At 8:11 AM, Blogger Cassandra D said...

What are you talking about Red Dirt? Do you think that Joe Goodwin, JunaidAfeef, and Mrs. Chase somehow missed all the evil you are talking about? That they didn't notice 9/11 and the beheadings and the cartoon riots?

Don't be silly. The conversation is about moderate Muslims, not the extremists. And the point is that there ARE some moderate Muslims who aren't being heard.

Moderate Muslims who are out there, bravely defying extremists who might want to kill them for disagreeing with them, don't need "help" from folks like you who insinuate that they aren't TRUE Muslims. I'm sure they can get plenty of that from the Islamofascists out there.

We aren't (I hope to God) going to try to wipe Islam off the face of the earth, and we couldn't even if some crazies out there tried, so for the sake of peace, we need to do our best to support those who choose to live and teach Islam as a religion of peace.

 
At 8:48 AM, Anonymous Red Dirt said...

Oh, I'm sorry. I thought the discussion was about snidely equating American Christians with Islamist terrorists. My bad. I guess I was confused, too, because I thought Chase was pointing out that "moderate" Muslims -- if they really exist in any large number -- aren't being heard because they either don't care to make themselves heard, or they are in an extremely distinct minority within their faith -- a faith born in blood and conquest.

 
At 10:54 AM, Blogger Cassandra D said...

What you point out is very important,Red Dirt, and perhaps could be the beginning of meaningful discussions on a broader front within our country and the world. Perhaps if we make it completely clear that we are NOT comparing the relative evil of various religious extremists, but rather are discussing ways for tolerant and peace-loving people within all religions to be heard, we may make some headway in bringing about a more peaceful and tolerant world.

 
At 7:30 PM, Anonymous Red Dirt said...

Well on that note, here is perhaps a more productive and less-vitriolic question from yours truly, an open-ended query seeking meaningful response: Chase recently posted a jpg of the magazine cover with Kanye West posing as Christ. Though the magazine cover was clearly sacrireligious, what is the particular quality of American Christians that this magazine cover notably did NOT spark widespread violent protests, rioting and the torching of the magazine offices, in contrast to the violence in the Muslim world over an editorial cartoon?

 
At 4:41 PM, Blogger Cassandra D said...

A big part of the cartoon story is the response of the West. Is not showing the cartoon "sensitivity" or "caving in to a bully"?

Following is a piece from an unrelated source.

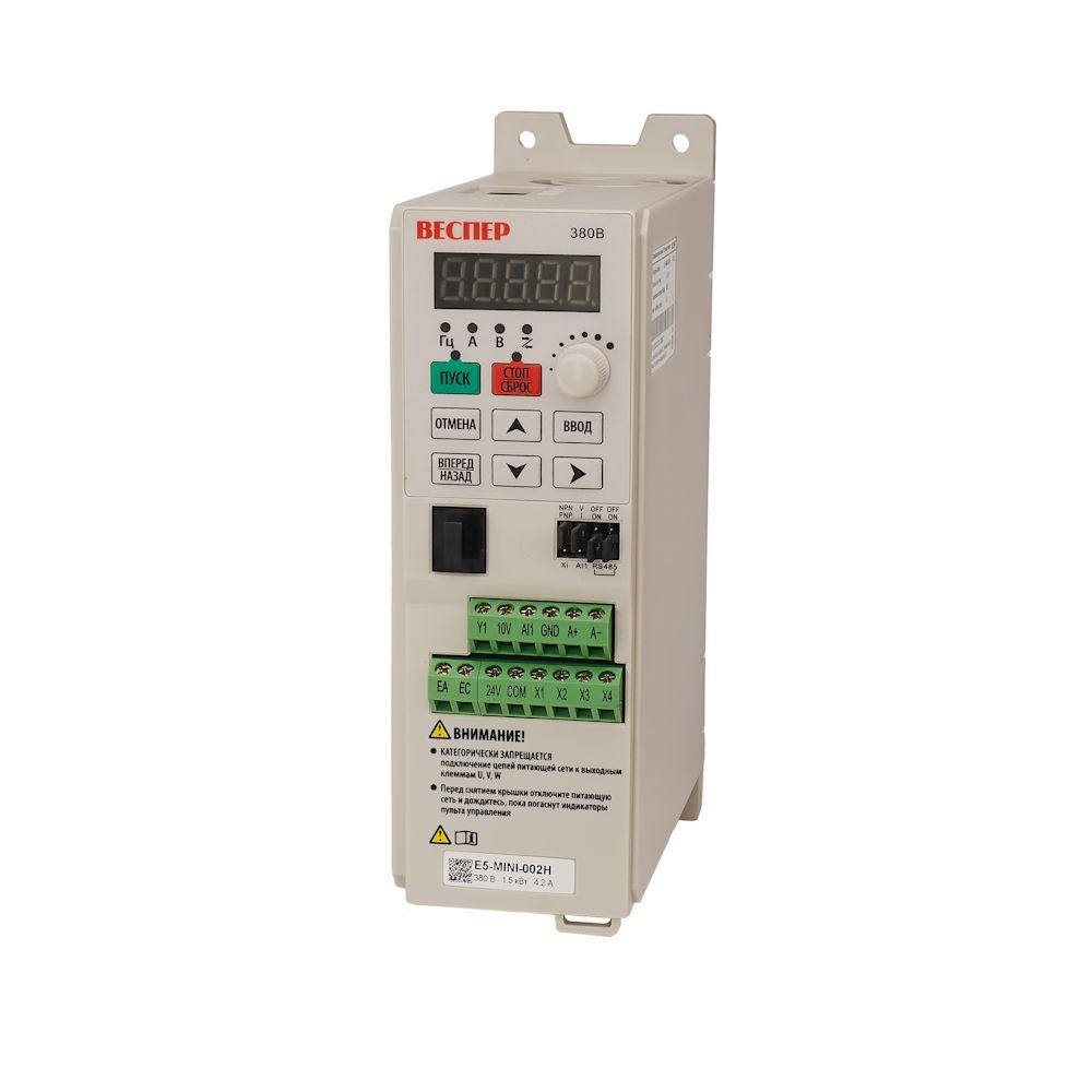 Частотный преобразователь Веспер E5-MINI-002Н 1,5 кВт 380В имеет пусковой момент 150% на частоте 1 Гц, ПИД-регулятор с индикацией реальной физической величины, встроенный сетевой протокол MODBUS (интерфейс RS-485) и встроенный фильтр ЭМС.

A Danish perspective was articulated on Andrew Sullivan's blog:
http://time.blogs.com/daily_dish/2006/02/email_of_the_da_8.html

 
At 9:40 AM, Anonymous Red Dirt said...

Cassandra, a recent columnist suggests that it's not only caving in to not show the cartoon, but coming awfully close to dhimmitude.

Closer to home, here's what the Tulsa World's new Pulitzer-Prize-winning editorial cartoonist Doug Marlette had to say about the subject in today's edition of the newspaper...

"Roman Catholics, Protestants and Jews react to cartoons they consider insensitive," Marlette said, "but they don't take to the streets and start burning things."

Thanks, Doug. Couldn't have said it better or more succinctly.

Along those same lines, a "United Against Incitement" rally was held in London to presumably demonstrate that there are moderate Muslims. Unfortunately, it devolved into -- what else? -- an opportunity for more incitement over the cartoon.